## Instructions to follow
Leave the pictures behind and repeat all the entries exactly.

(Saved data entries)
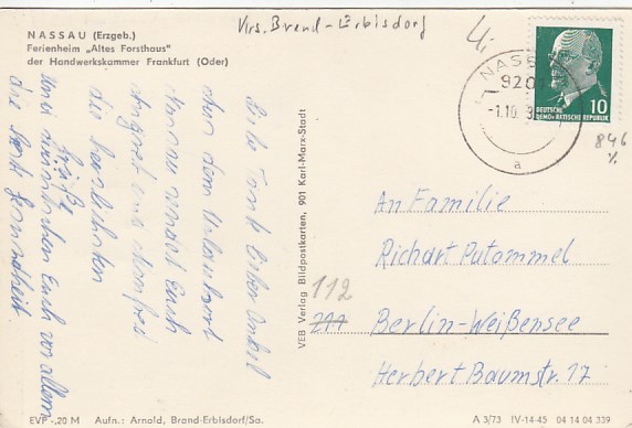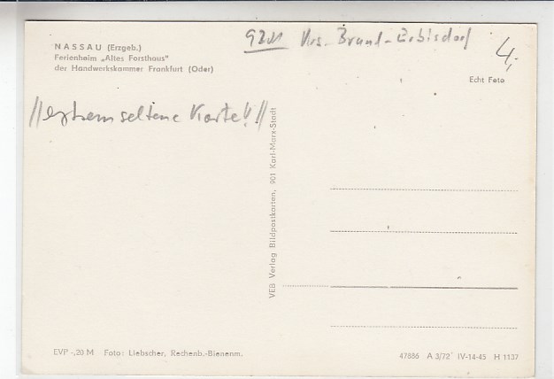 Nassau im Erzgebirge Ferienheim Altes Forsthaus Handwerkskammer Frankfurt Oder 1972
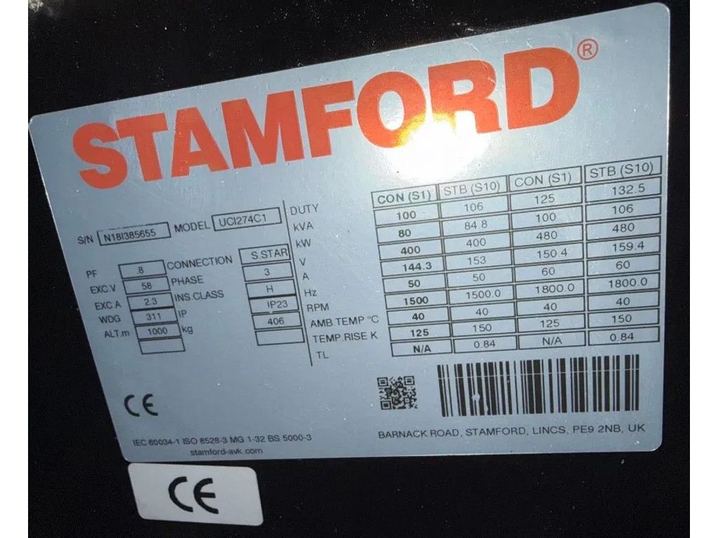 Generator Merk : Stamford Type : UCI274C1 Serie nr : N18I385655 Vermogen : 100 kVA continue Ampère : 144 Amp continue Fasen : 3 Cos phi : 0,8 Voltage : 230/ 400 Volt Frequentie : 50 Hz
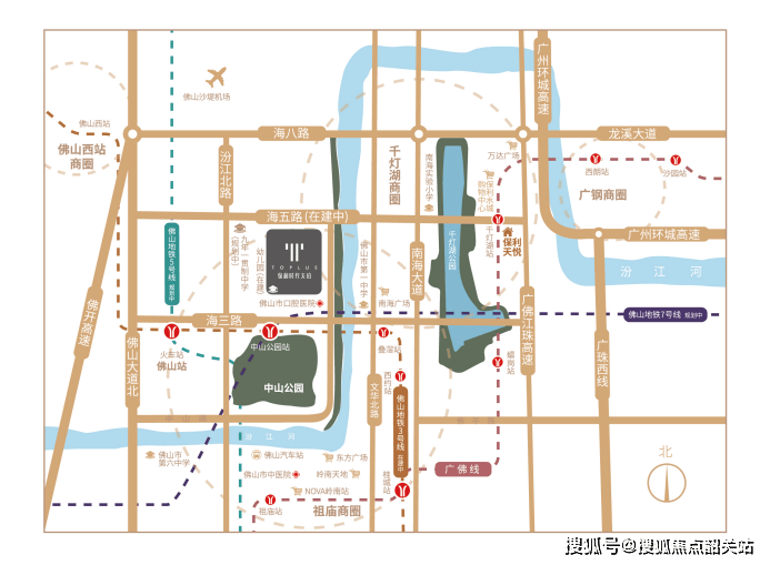 项目交通优势显著,地铁3号线中山公园站距离项目约300米,预计通车后可快速抵达桂城和广州各核心区域,未来地铁5号线和7号线也将交汇于此,形成三地铁汇聚的立体交通网络,广佛同城生活便捷高效。此外,项目周边规划广湛高铁佛山站,高铁交通带来的虹吸效应将进一步提升板块价值。海五路主干道的建成,使得居民驾车前往千灯湖、祖庙及佛山各核心商圈仅需十分钟左右,实现快速通达和生活便利的完美结合。
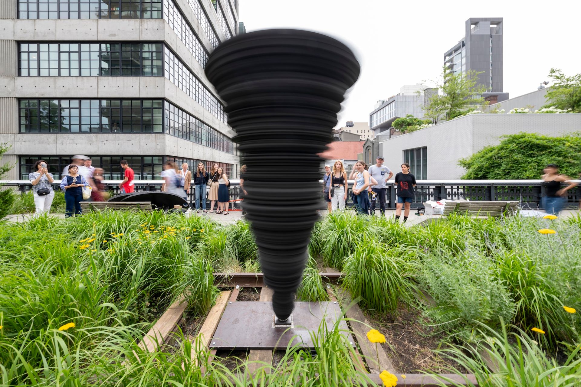 “As a moving image artist, I had to trick myself into making sculptures,” she said during the panel. The resulting whirlwind is both comic and alarming, which are overriding sentiments in Bennani and Barki’s videos about a global emergency seen through the eyes of two bewildered lizards. Similar to the videos' broad appeal, Bennani is pleased about the wide range of viewers encountering her High Line sculpture: “Audience is fun to think about, especially since so many people see Windy with no context—I enjoy being tagged in many self-help memes as people use the tornado as a metaphor for chaos.”
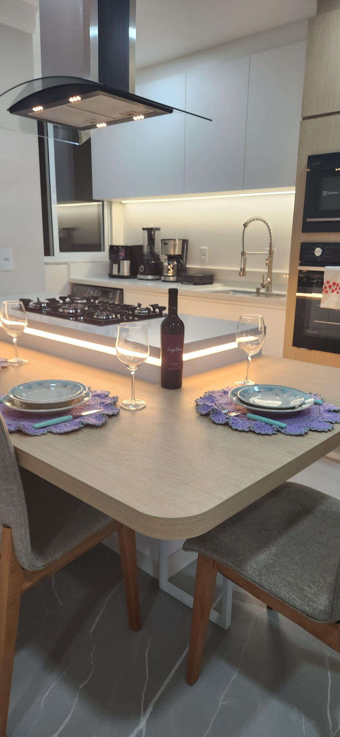 Come enjoy your precious time and fall in love with this place, you deserve the best. Furniture designed and signed by the EVVIVA company. Kitchen with white quartz island; table for up to eight people; living room with comfortable sofa bed, especially at night; bathroom with high-pressure shower; bed with queen-size mattress; balcony with gourmet barbecue grill with utensils for drinks; garage, elevator, 24-hour reception. 400-thread-count combed cotton bed linen and towels at your discretion.
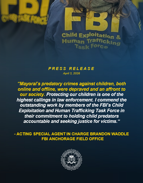 Acting Special Agent in Charge Brandon Waddle of the FBI Anchorage Field Office stated, “Mayoral’s predatory crimes against children, both online and offline, were depraved and an affront to our society. Protecting our children is one of the highest callings in law enforcement. I commend the outstanding work by members of the FBI’s Child Exploitation and Human Trafficking Task Force in their commitment to holding child predators accountable and seeking justice for victims.”

## Task response
 Nassau im Erzgebirge Ferienheim Altes Forsthaus Handwerkskammer Frankfurt Oder 1972
 Generator Merk : Stamford Type : UCI274C1 Serie nr : N18I385655 Vermogen : 100 kVA continue Ampère : 144 Amp continue Fasen : 3 Cos phi : 0,8 Voltage : 230/ 400 Volt Frequentie : 50 Hz
 项目交通优势显著,地铁3号线中山公园站距离项目约300米,预计通车后可快速抵达桂城和广州各核心区域,未来地铁5号线和7号线也将交汇于此,形成三地铁汇聚的立体交通网络,广佛同城生活便捷高效。此外,项目周边规划广湛高铁佛山站,高铁交通带来的虹吸效应将进一步提升板块价值。海五路主干道的建成,使得居民驾车前往千灯湖、祖庙及佛山各核心商圈仅需十分钟左右,实现快速通达和生活便利的完美结合。
 “As a moving image artist, I had to trick myself into making sculptures,” she said during the panel. The resulting whirlwind is both comic and alarming, which are overriding sentiments in Bennani and Barki’s videos about a global emergency seen through the eyes of two bewildered lizards. Similar to the videos' broad appeal, Bennani is pleased about the wide range of viewers encountering her High Line sculpture: “Audience is fun to think about, especially since so many people see Windy with no context—I enjoy being tagged in many self-help memes as people use the tornado as a metaphor for chaos.”
 Come enjoy your precious time and fall in love with this place, you deserve the best. Furniture designed and signed by the EVVIVA company. Kitchen with white quartz island; table for up to eight people; living room with comfortable sofa bed, especially at night; bathroom with high-pressure shower; bed with queen-size mattress; balcony with gourmet barbecue grill with utensils for drinks; garage, elevator, 24-hour reception. 400-thread-count combed cotton bed linen and towels at your discretion.
 Acting Special Agent in Charge Brandon Waddle of the FBI Anchorage Field Office stated, “Mayoral’s predatory crimes against children, both online and offline, were depraved and an affront to our society. Protecting our children is one of the highest callings in law enforcement. I commend the outstanding work by members of the FBI’s Child Exploitation and Human Trafficking Task Force in their commitment to holding child predators accountable and seeking justice for victims.”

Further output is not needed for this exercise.